Украдкой поглядывая на свой страшный конвой, она видела только светящиеся глаза зверей, их невозмутимость и какое-то не волчье равнодушие к человеку, но кольцо своё они не размыкали, а напротив, несколько даже ближе подошли к Анне. Впереди кольца волков — это было видно, что вожак — бежал здоровенный, по сравнению с другими, волчище.
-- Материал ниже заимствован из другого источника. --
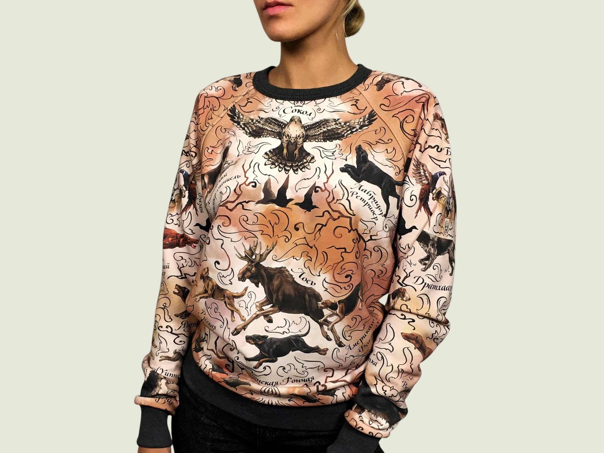 Свитшот «В ЛЕСУ». Разработанная Мастерской модель «унисекс» идеально подходит как для мужчин, так и для женщин.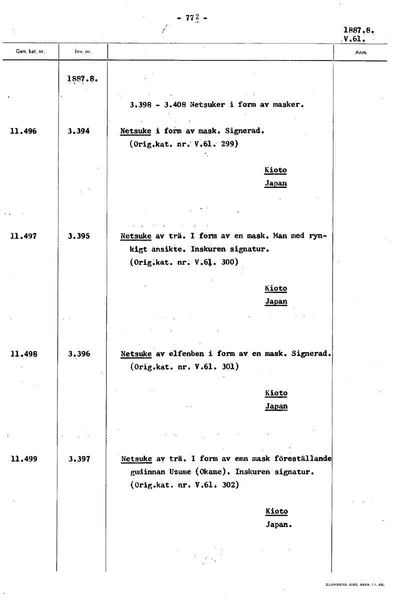772 1887.8. V,4T • 1887.8. 3.398 - 3.408 Netsuker i form av masker. 11.496 3.394 Netsuke i form av mask. Signerad. (Orig.kat. nr. V.61. 299) Kioto Japan 11.497 3.395 Netsuke av trä. I form av en mask,...Visa hela
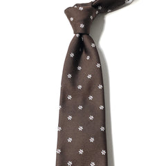 小ぶりな花柄が目を惹くネクタイです。控えめな花柄でVゾーンにも違和感なく馴染み、ちょっとした個性を表現してくれます。このネクタイはECOPET® (エコペット)という糸を使用しており、不要なペットボトルや衣料品や繊維くずより再生したサスティナブルな糸です。この糸を用いて京都伝統の西陣織で生地を織り上げ、現代のビジネススタイルに合わせて自宅で洗えるウォッシャブル仕様にした伝統と革新性が融合したサスティナブルなネクタイです。

В общем-то степные волки и в предгорьях Алтая почти ничем не отличаются от своих собратьев, обитающих в горах, в тайге и других уголках природы. Они примечательны тем, что свою добычу добывают ногами. Загоняют лосей, коз; лисицами тоже не брезгуют. Зайцами, если спугнут.
Отличаются они необыкновенной выносливостью, способностью преодолевать большие расстояния, чтобы загнать лося. Окраской они не отличаются от остальных своих сородичей, но в комплекции немного уступают. Это, видимо, связано с их способом охоты, где, опять же, бег, скорость, вечное движение.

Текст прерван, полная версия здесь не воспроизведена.